At least 110 percent of the loan must be kept as collateral in the TIAA
Traditional Annuity gSRA. Repayment must be complete within five years,
or within ten years if the loan is used to purchase a principal residence.
Interest is at a variable rate, indexed to the Moody's corporate bond
yield average and can be adjusted no more than once every three months
if the Moody's rate increases or decreases by one half of one percent or more.
There are no application fees or processing charges for loans.
Loans from the Basic Retirement Plan
Some employers allow employees to borrow against their basic retirement
plan accumulations (TIAA-CREF Retirement Annuities or Group Retirement
Annuities). Again, TIAA-CREF imposes no charges or penalties on the loan.
However, if repayments are not made as scheduled, we are required to report
the defaulted amount to the IRS as a taxable distribution.
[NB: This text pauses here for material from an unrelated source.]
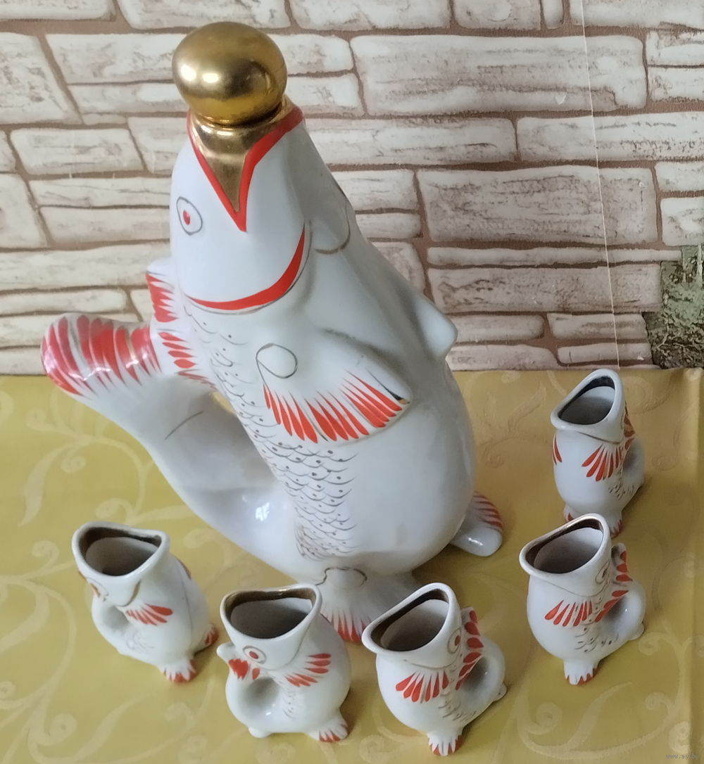 Фарфоровая статуэтка-штоф Рыбка + 5 маленьких рыбок

If Your Client's Employer Offers Retirement Loans
The minimum loan amount is $1,000. The maximum loan is the lesser of $50,000
or 45 percent of the combined TIAA and CREF accumulation. At least 110
percent of the loan must be kept as collateral in the Retirement Loan
Certificate. Repayment is due within five years, or within ten years if
the loan is used to purchase a principal residence. Interest is at a variable
rate tied to the monthly average corporate yield, published by Moody's
Investors Service. Interest remains the same for the first year. Thereafter,
the rate can change each year if Moody's rate changes by one half of one percent
or more.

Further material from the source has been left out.